Today's article in the Herald, by Beth Reinhard and Lesley Clark, summarizes the various positions by the Democratic and Republican candidates and how they either partially agree or fully disagree with Barack Obama. Democratic Presidential front-runner Hillary Clinton disagreed fully with Obama's Cuba policy, as some expected. Political blogger Tom Bevan believes that "Clinton took the bait, giving Obama exactly the line he wanted: she would continue the Bush administration's hard-line stance." Which also happens to be the stance of most Republicans.
According to John King from CNN, "[Republican Presidential candidate] Gov.
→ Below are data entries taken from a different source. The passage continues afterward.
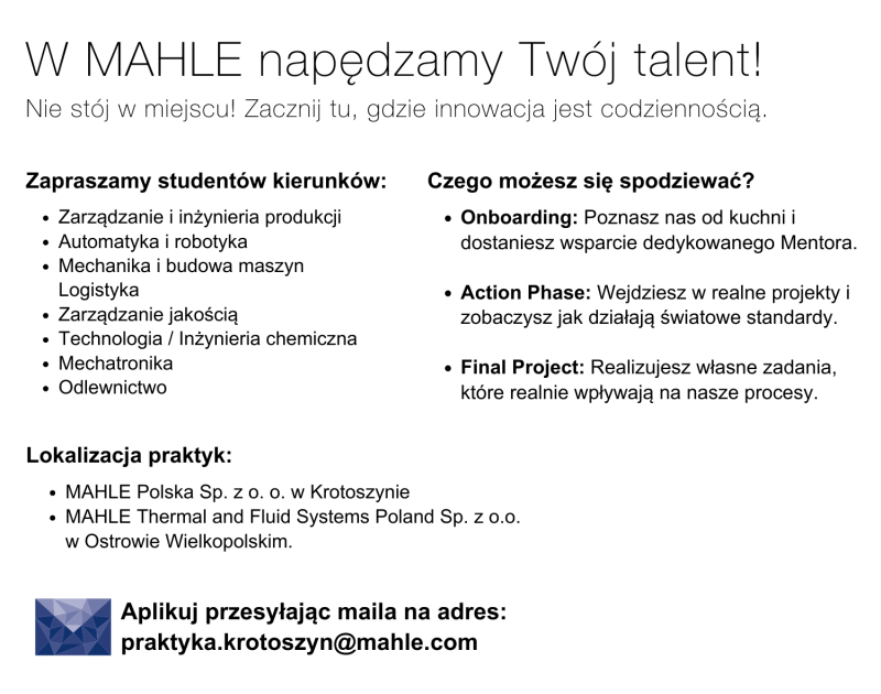 Połącz studia z ekscytującym wglądem w świat pracy wiodącego międzynarodowego partnera rozwojowego i dostawcy dla przemysłu motoryzacyjnego. Nie ma znaczenia, czy dopiero zaczynasz naukę na uniwersytecie, jesteś w trakcie, czy niebawem ją zakończysz. Ukończ staż w MAHLE - tutaj od początku będą Ci przydzielane wymagające zadania. Jeśli chcesz pracować jeszcze w czasie studiów również dajemy taką możliwość.
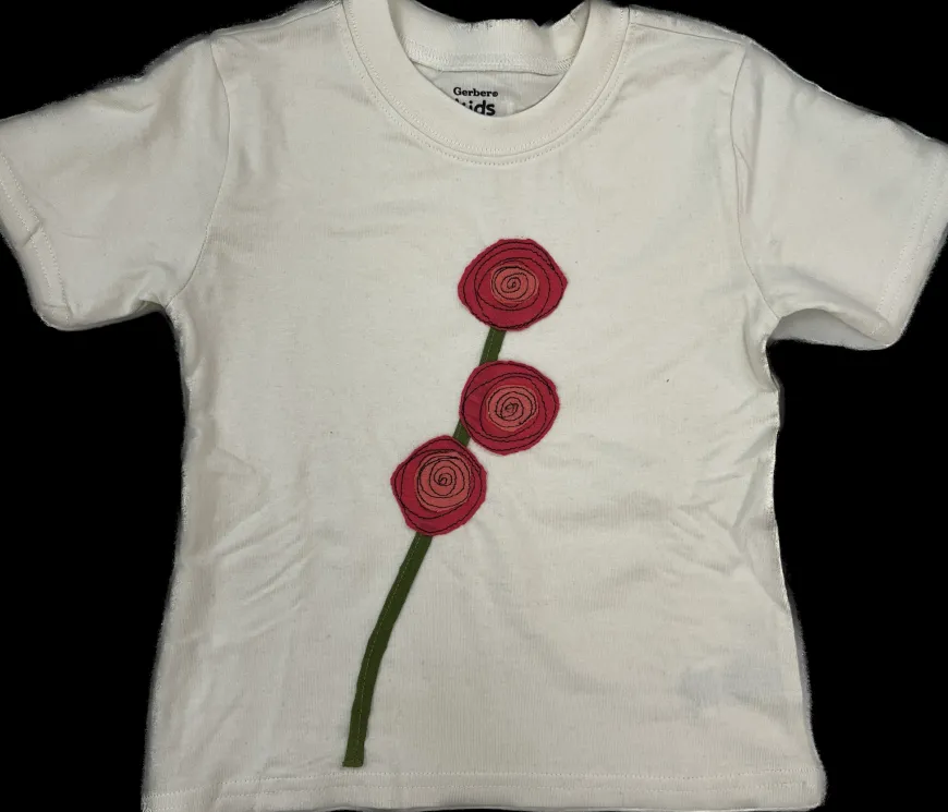 Not your average T-Shirt! This 100% cotton tee is super soft and comfy. This shirt is one of a kind with a hand sewn blooming rose applique adorning the front! Artsy and Unique!
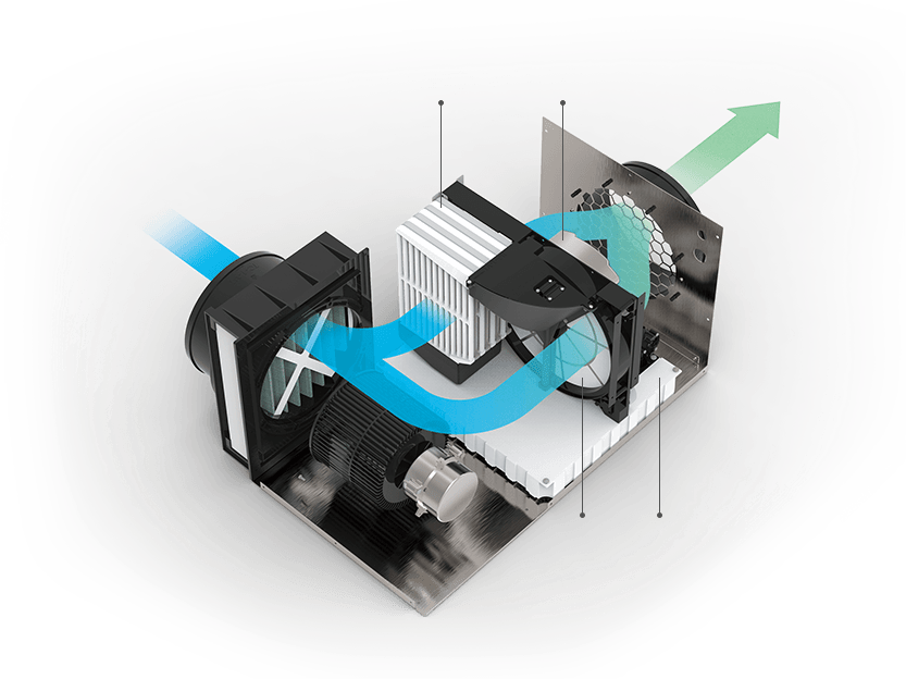 Closed concept design is not bound by the limitations of the more common upright dehumidifiers. The limitations come from the need to minimize footprint, in turn sacrificing efficiency. Our system forgoes front and back design of desiccant rotor and heat exchanger. This novel parallel design allows for an even flow of cold moist air into both the desiccant rotor and the heat exchanger, which results in faster dehumidification and reduces wind drag, improving dehumidification efficiency.
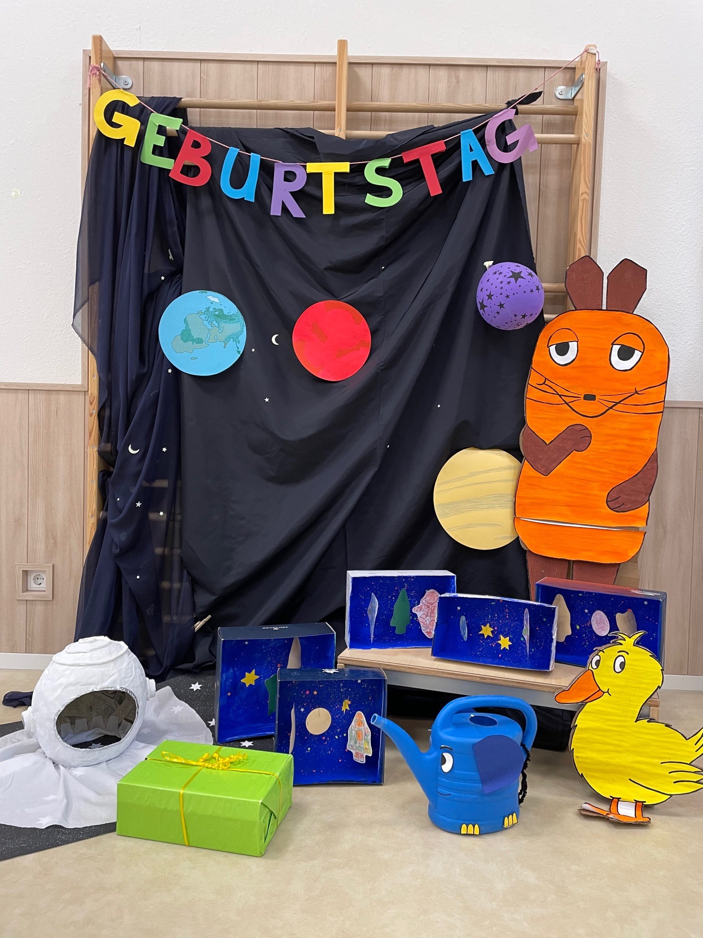 Das Familienzentrum Blumenwiese aus Laggenbeck feierten mit ihren Kindern den 50. Geburtstag. Das Motto war „UNSER UNIVERSUM“. Die Turnhalle wurde mit leuchtenden Planenten und Sternen geschmückt, um sich in dieser beeindruckenden Atmosphäre einen Film von der Maus im Weltall anzuschauen. In den folgenden Tagen wurden mehrere Themen aus dem Film aufgegriffen. Es wurden Experimente gemacht, mit Schuhkartons konnten die Kinder ein leichtendes Universum mit Planeten und Astronauten basteln. Außerdem wurden die Kinder der Blumenwiese Fit wie ein Astronaut und konnten einen Ausweis erwerben. Ein Foto als Astronaut im Universum zu machen, war für die Kinder etwas ganz Besonderes. Eine Geburtstagsfeier für die Maus durfte auch nicht zu kurz kommen. Es waren spannende und aufregende Tage für die Kinder, die viele neue Erkenntnisse und Erlebnisse gebracht haben.

Mitt Romney was quick to pounce" on Obama's comments saying that "unilateral concessions to a dictatorial regime are counterproductive" and that Obama "does not have the strength to confront America's enemies or defend our values." Ouch. One of Mitt Romney's advisors is Al Cardenas, a hard-line Cuban exile.
And, "Rudy Giuliani [the other leading Republican candidate] believes America must stand ready to help the Cuban people reclaim their freedom, but decreasing sanctions on Cuba will only serve to boost the Castro regime.''
Sen. Mel Martinez of Florida, chairman of the Republican National Committee, said that Obama's comments showed "that he either didn't think it through very well or simply hasn't had enough experience on these tough foreign policy problems."
But, Tim Padgett from Time Magazine believes that Obama is making a brave strategic move based on "a new conventional wisdom [that] may well be taking shape in the state [of Florida]." A "wisdom" that the Babalu Blog fully rejects by simply looking at voter registration numbers of Cuban-Americans. Padgett cites the FIU Cuba Poll from this year that showed support for reversing the Cuban family travel restrictions of 2004. And, he also mentions the influence of the non-Cuban Hispanic vote, which according to a Miami Herald article from last week revealed that "about 37 percent of the Hispanics in Florida are registered as Republicans, compared with about 33 percent registered as Democrats. The remaining 30 percent are independent or belong to minor parties, according to the Florida Division of Elections." Furthermore, the 37% of Republicans is a drop from 59% less than a decade ago.
These are significant factors to consider, whose influences Padgett believes will be revealed soon when Obama appears in Miami this Saturday and in a Miami "forum" with Hillary Clinton and John Edwards on September 9th.
But, the hard-liners dismiss such possibilities. And, they fully reject the lifting of the 2004 restrictions based on a moral principle, which also reveals that hard-liners may really be wishing for a full embargo, perhaps a naval blockade like Armando Perez-Roura once suggested to John McCain.
But, the response that Obama got from Radio Mambi today, and yesterday, must surely mean he hit on something really big.